• **ASSIGNED TASK**
An exact retyping of all lines below is the answer; pictures do not belong in it.

• **DATA FOR THIS TASK**
════════════════════

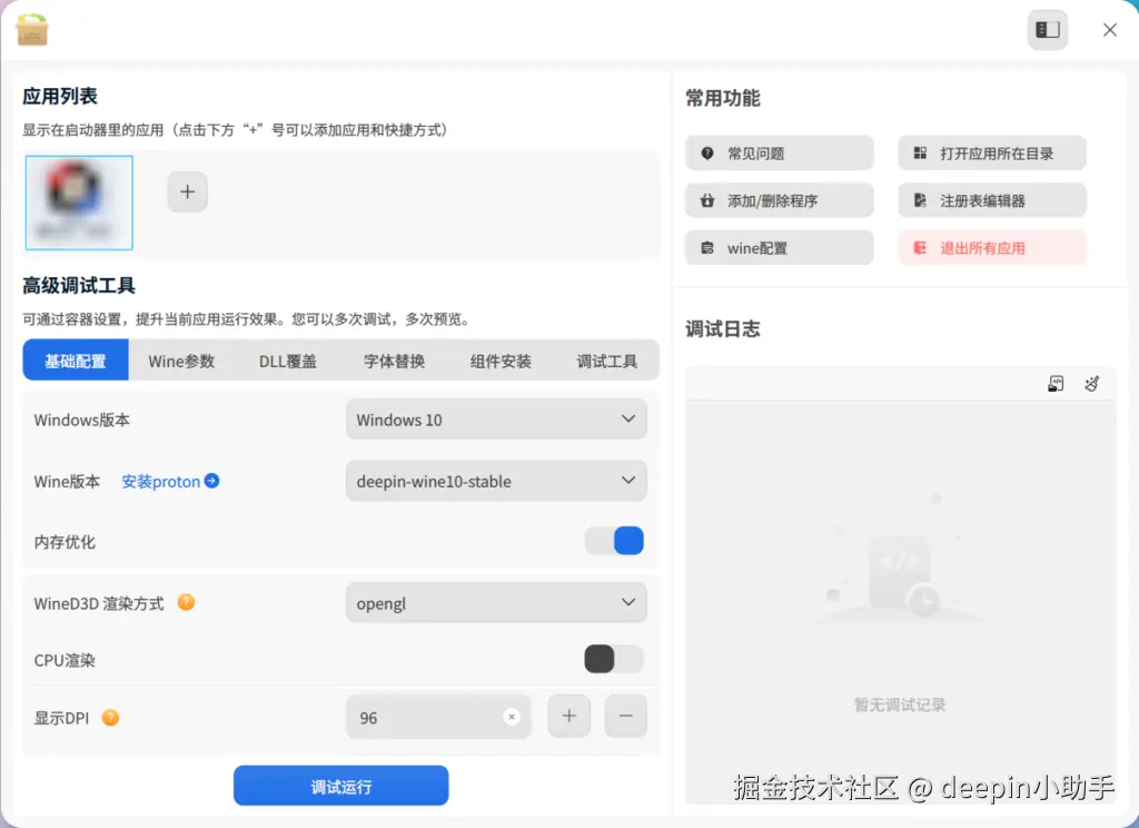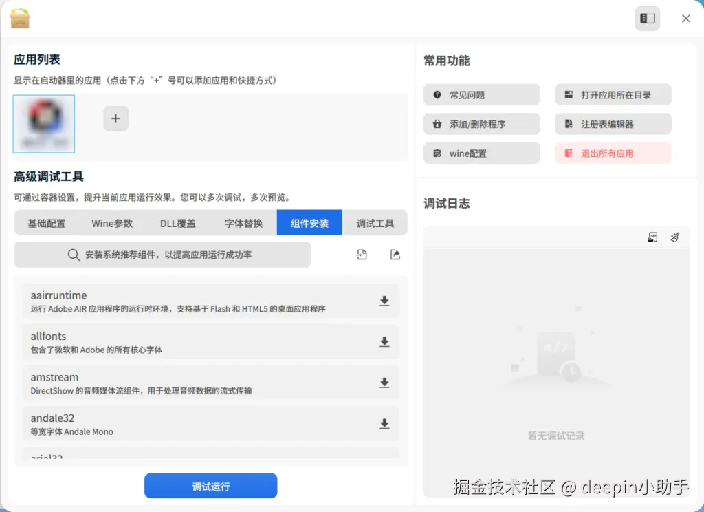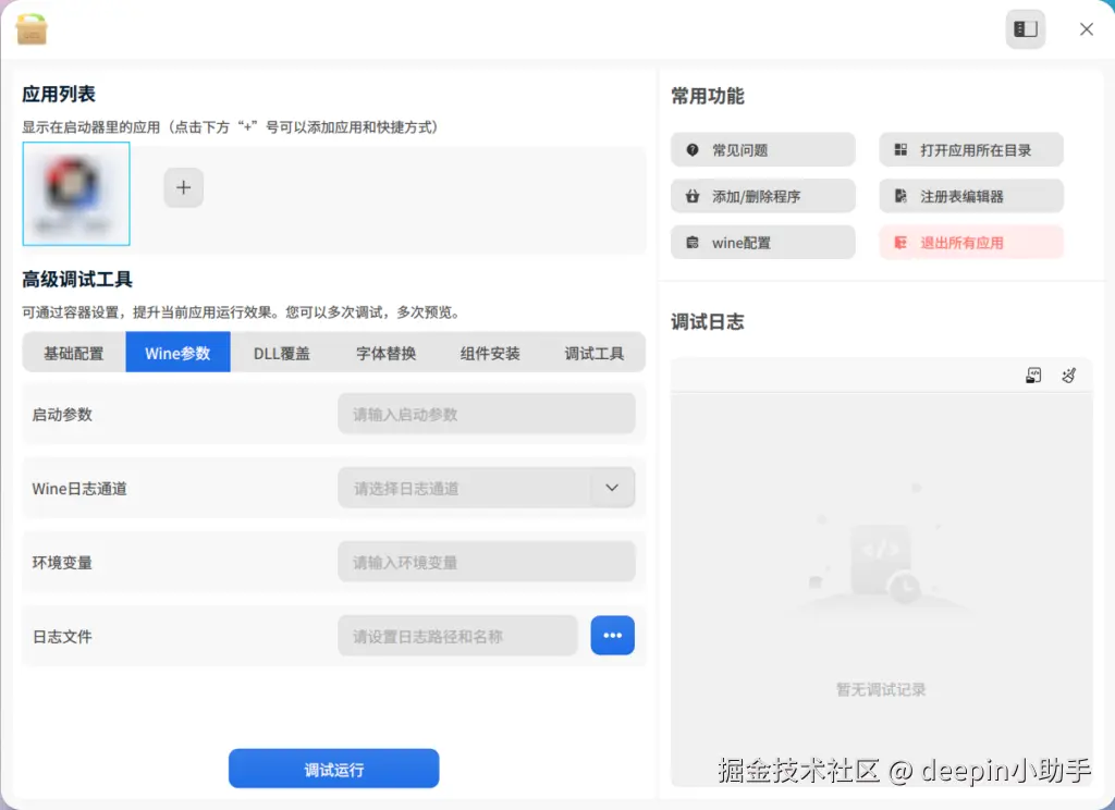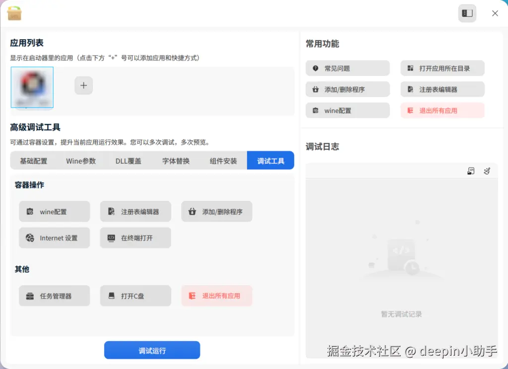 遇到闪退/崩溃:在“Wine 日志通道”中选择 “基础日志”,运行应用后点击下方的“调试日志”查看红色错误信息,截图去 deepin 社区求助。
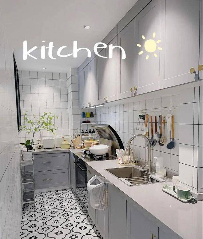 厨房以黑白灰为主,经典耐看,白色的格子墙砖显得格外的明亮清爽,灰色橱柜质感很强,搭配金色拉手,高级又精致,地面铺了黑白色小花砖,削弱了瓷砖自带的冰冷感,特别小清新,L型的橱柜布局合理规划利用了空间,操作灵活,储物也充足。
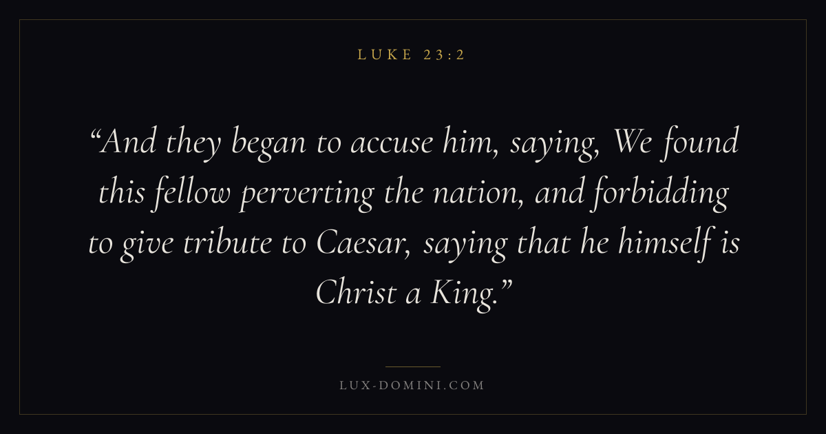 And they began to accuse him, saying, We found this fellow perverting the nation, and forbidding to give tribute to Caesar, saying that he himself is Christ a King.
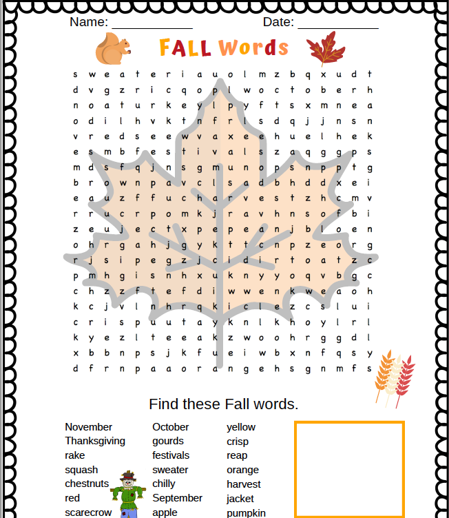 Fall Words - Fun Word Search Puzzle for Grades 2, 3 & 4
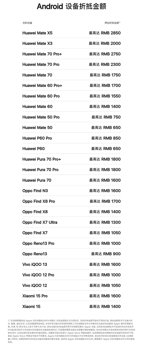 苹果官网更新安卓机型折抵公示列表,新增2024-2025年热门旗舰机型,用户可直观查询对应设备价值,无需额外跳转或咨询。
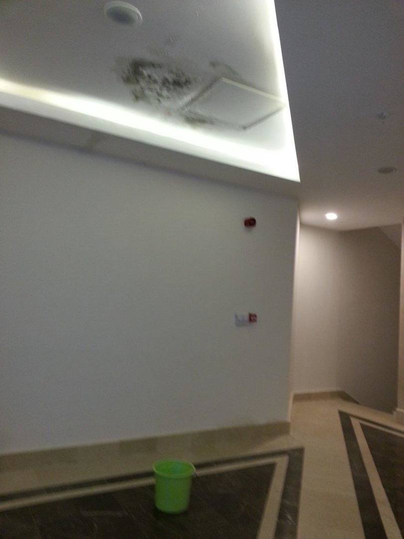 Wasser und Schimmelbildung mit Eimer im öffentlich
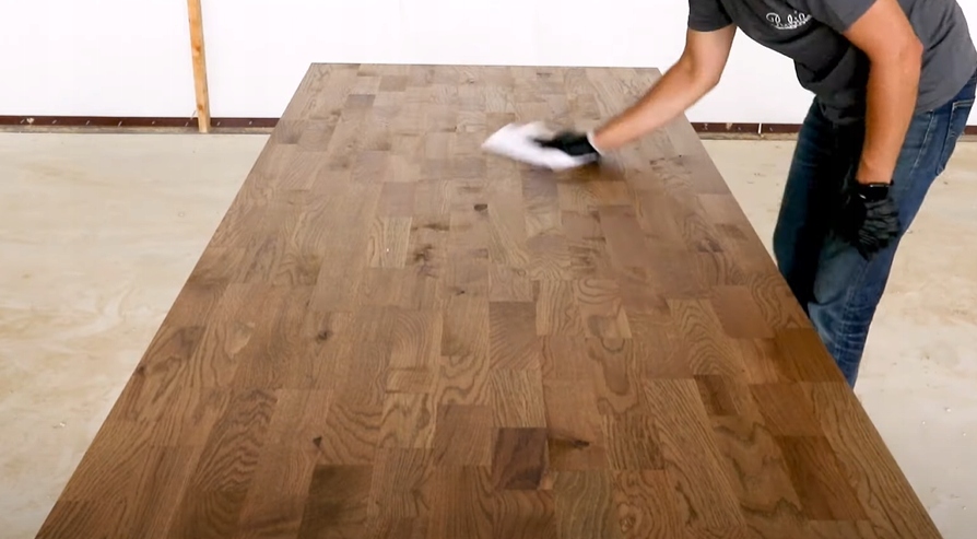 Поверхня, захищена маслом монокоруків Rubio Plus 2C, на маслі показано високу стійкість до води та тепла , що робить його ідеальним для обробки деревини, що використовується в кухні або ванній кімнаті

════════════════════

• **THE ANSWER**
 遇到闪退/崩溃:在“Wine 日志通道”中选择 “基础日志”,运行应用后点击下方的“调试日志”查看红色错误信息,截图去 deepin 社区求助。
 厨房以黑白灰为主,经典耐看,白色的格子墙砖显得格外的明亮清爽,灰色橱柜质感很强,搭配金色拉手,高级又精致,地面铺了黑白色小花砖,削弱了瓷砖自带的冰冷感,特别小清新,L型的橱柜布局合理规划利用了空间,操作灵活,储物也充足。
 And they began to accuse him, saying, We found this fellow perverting the nation, and forbidding to give tribute to Caesar, saying that he himself is Christ a King.
 Fall Words - Fun Word Search Puzzle for Grades 2, 3 & 4
 苹果官网更新安卓机型折抵公示列表,新增2024-2025年热门旗舰机型,用户可直观查询对应设备价值,无需额外跳转或咨询。
 Wasser und Schimmelbildung mit Eimer im öffentlich
 Поверхня, захищена маслом монокоруків Rubio Plus 2C, на маслі показано високу стійкість до води та тепла , що робить його ідеальним для обробки деревини, що використовується в кухні або ванній кімнаті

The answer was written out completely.